Southern California Vegetation, Wildfire, and Erosion Had Nonlinear Responses to Climatic Forcing During Marine Isotope Stages 5–2 (120–15 ka)

Abstract

AbstractA multiproxy record from Baldwin Lake, San Bernardino Mountains, allowed us to examine variation and relationships between erosion, wildfire, vegetation, and climate in subalpine Southern California from 120 to 15 ka. Bulk organics, biogenic silica, and molar C:N data were generally antiphased with magnetic and trace element data and displayed long‐term (105 year) shifts between autochthonous and allocthonous deposition. This was most pronounced during Marine Isotope Stage (MIS) 5, and we hypothesize that local summer insolation was the primary driver for Baldwin Lake's productive and unproductive lake state alternations. Wildfire history was inferred from charcoal concentrations and vegetation change from pollen. Relationships between these ecological processes, basin deposition, and summer insolation were often nonlinear.

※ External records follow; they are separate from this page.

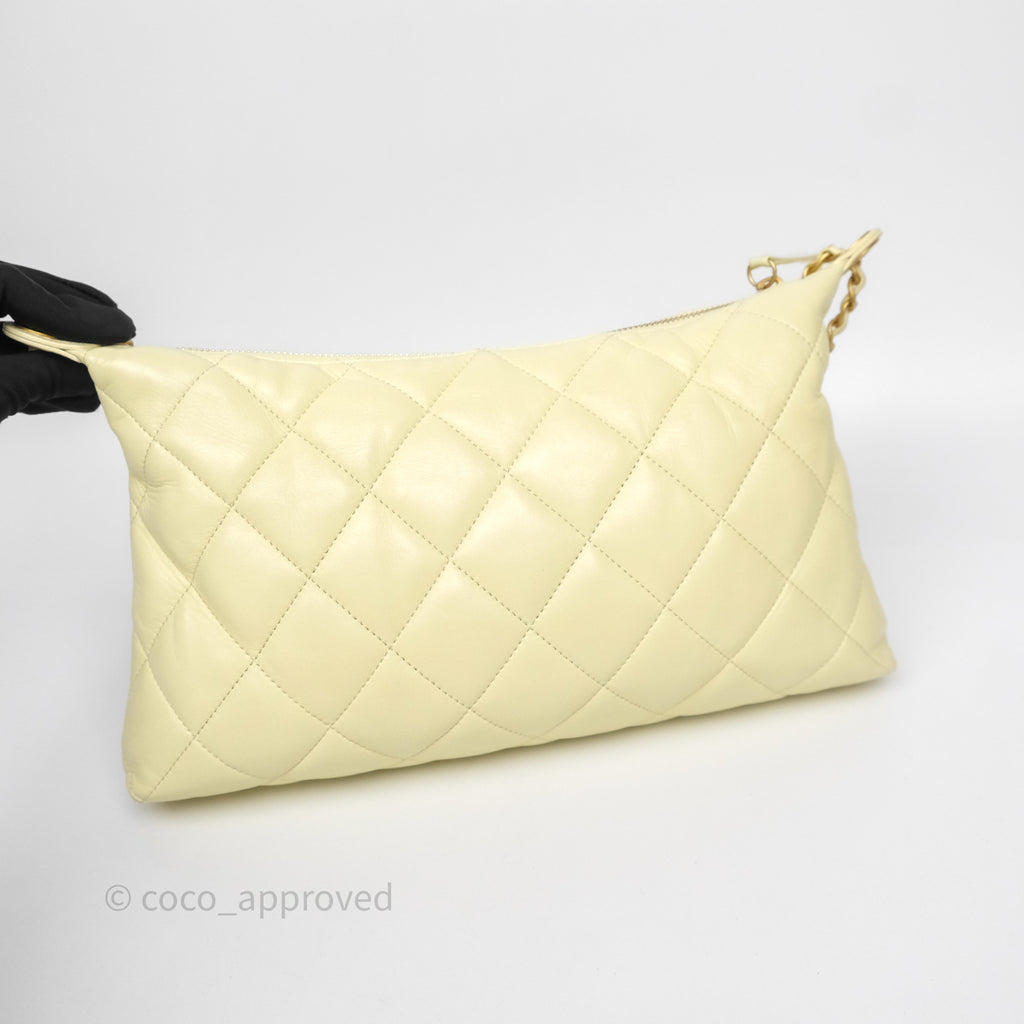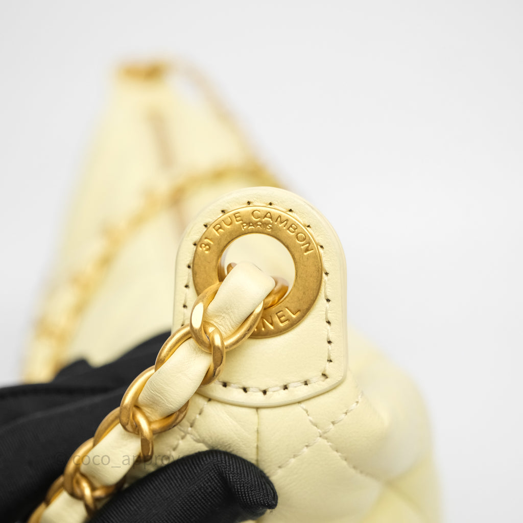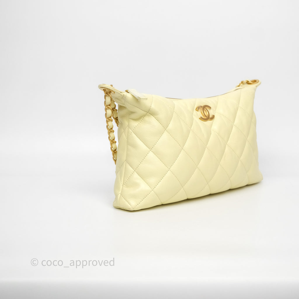 Chanel Large Hobo with Chain Light Yellow Lambskin Aged Gold Hardware 25S
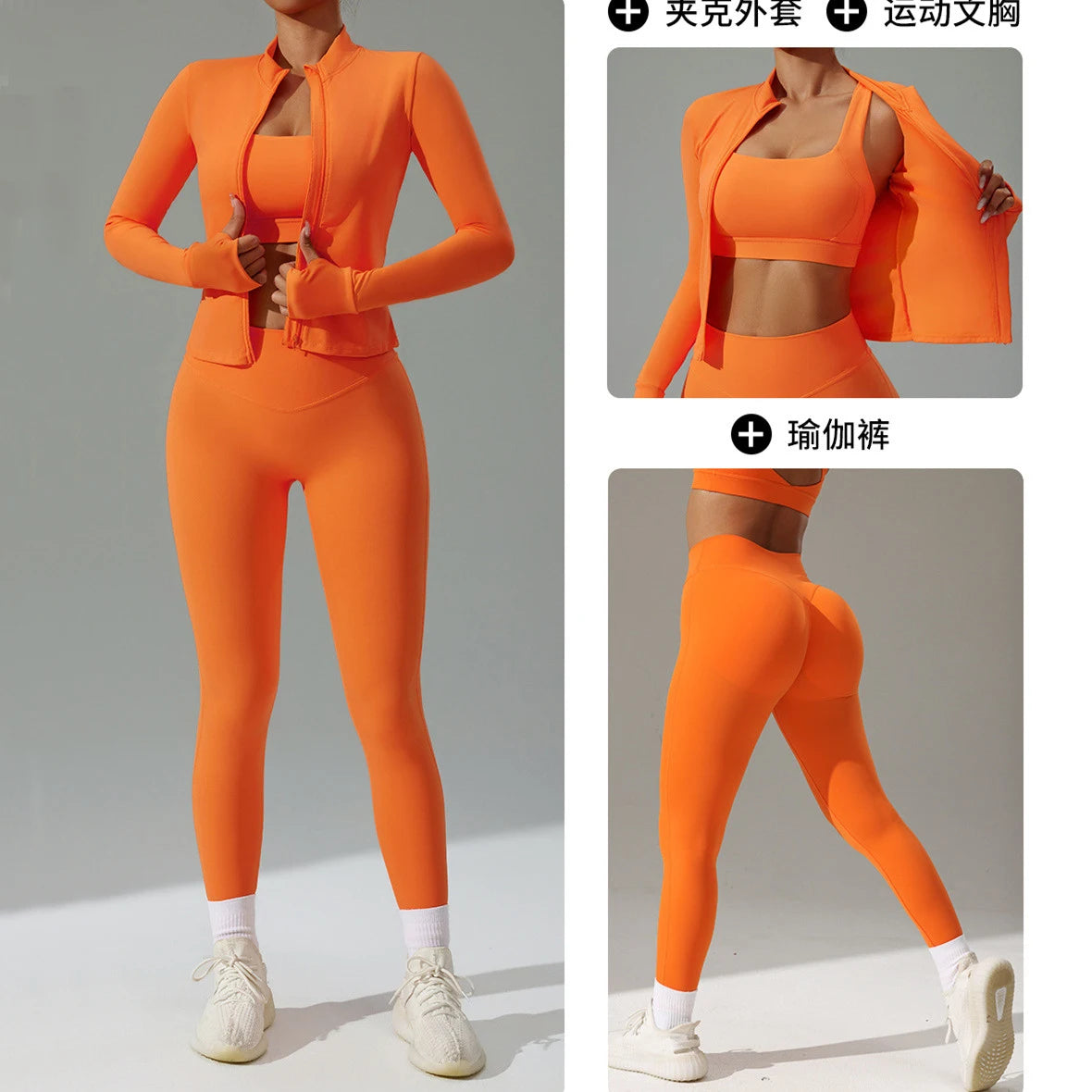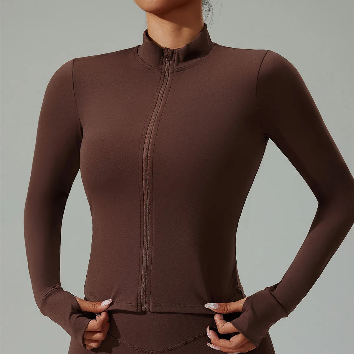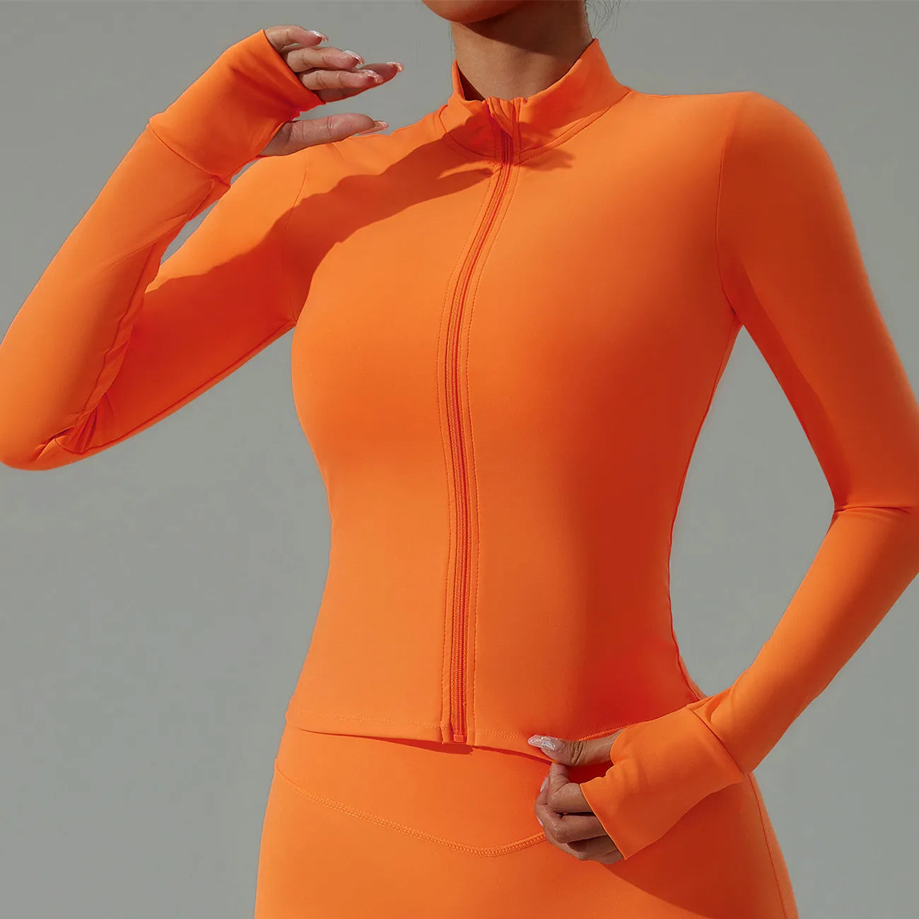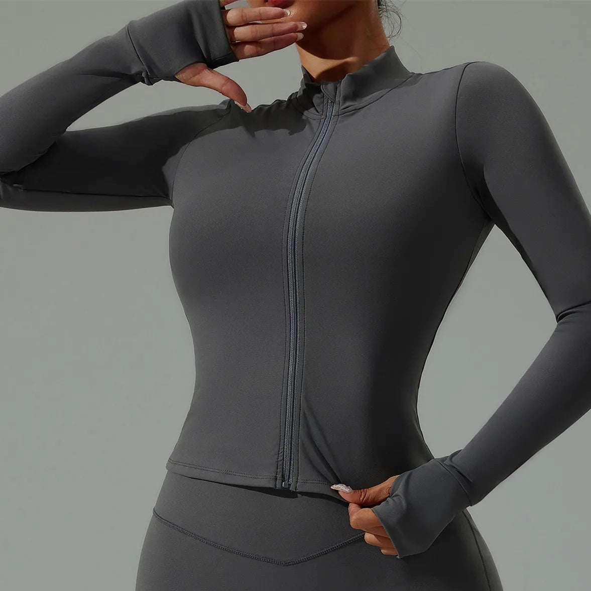 Women Zip Yoga Jacket Outdoor Running Sports Jacket Gym Push Up Fitness Long Sleeved Jacket Quick Drying Thumb Button Yoga Top
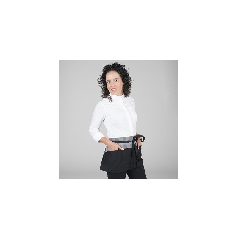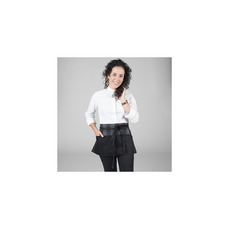 Delantal corto con tres bolsillos delanteros y cintas para anudar del mismo tejido, disponible con la combinación en estampado Gales o cuadros grises.
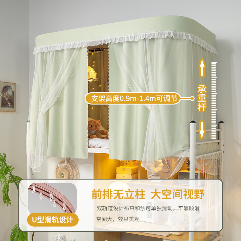 上下铺加厚帘子寝室床幔 学生宿舍u型双轨道床帘强遮光蚊帐一体式由
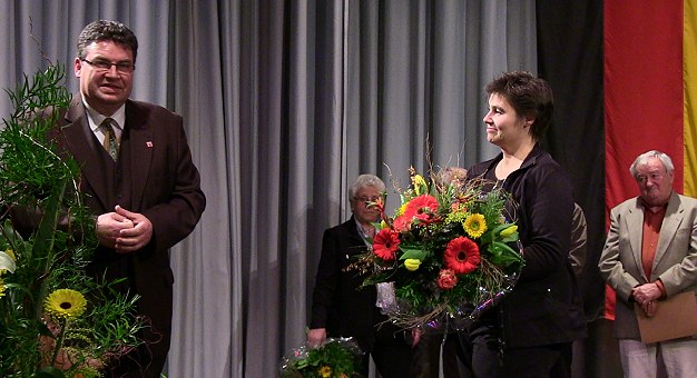In harten Zeiten das Miteinander stärken - Ehrungen für Bürgerengagement Christine van den Berg und ihr Mann Rolf, der heute nicht anwesend sein konnte, wurden für ihre Eisbahn-Initiative geehrt. (Foto: Hubert Richter)Mehr Bilder (Klicken zum Vergrößern):
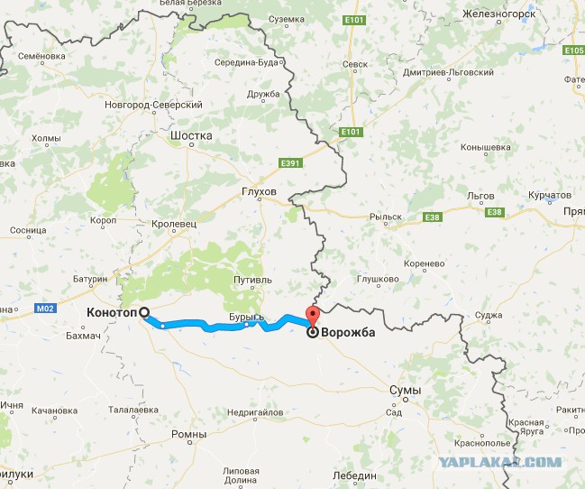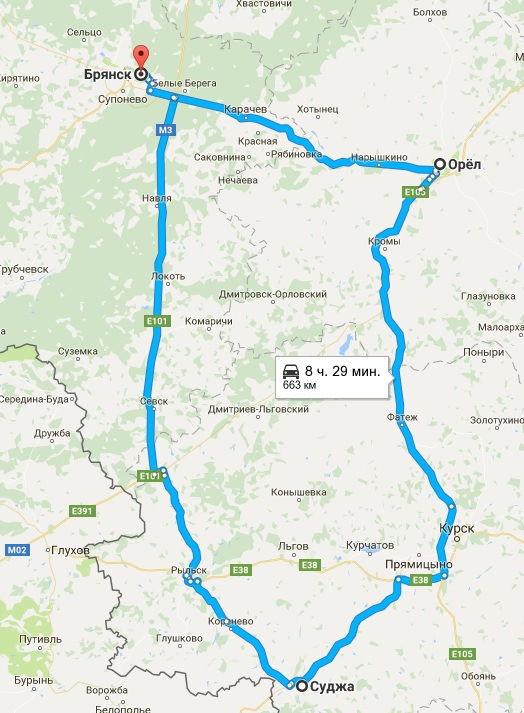 Расстояние рыльск суджа по трассе

Sagebrush expansion, wildfire, and weak basin weathering characterized MIS 4, while during MIS 2, the basin was highly erosive, rarely burned, and the forest was impacted by shifts in Southern Californian hydroclimate. Despite coniferous forest cover throughout MIS 3, submillennial oscillations in charcoal, pollen, and bulk organic content occurred, consistent with pollen records from Eurasia's Mediterranean biome that span multiple glacial‐interglacial cycles. Highly resolved global CO2 records and sea surface temperatures in key regions of the Pacific show no apparent relationship to these landscape conditions, and we suggest submillennial hydroclimatic variability as a potential driver. Highly resolved long pollen records from Southern California are an urgent research need to better understand the finer‐scale (≤103 year) interactions between past vegetation, wildfire, and erosion, given the current natural disaster risks that 21st century climate change poses to both human and ecological communities.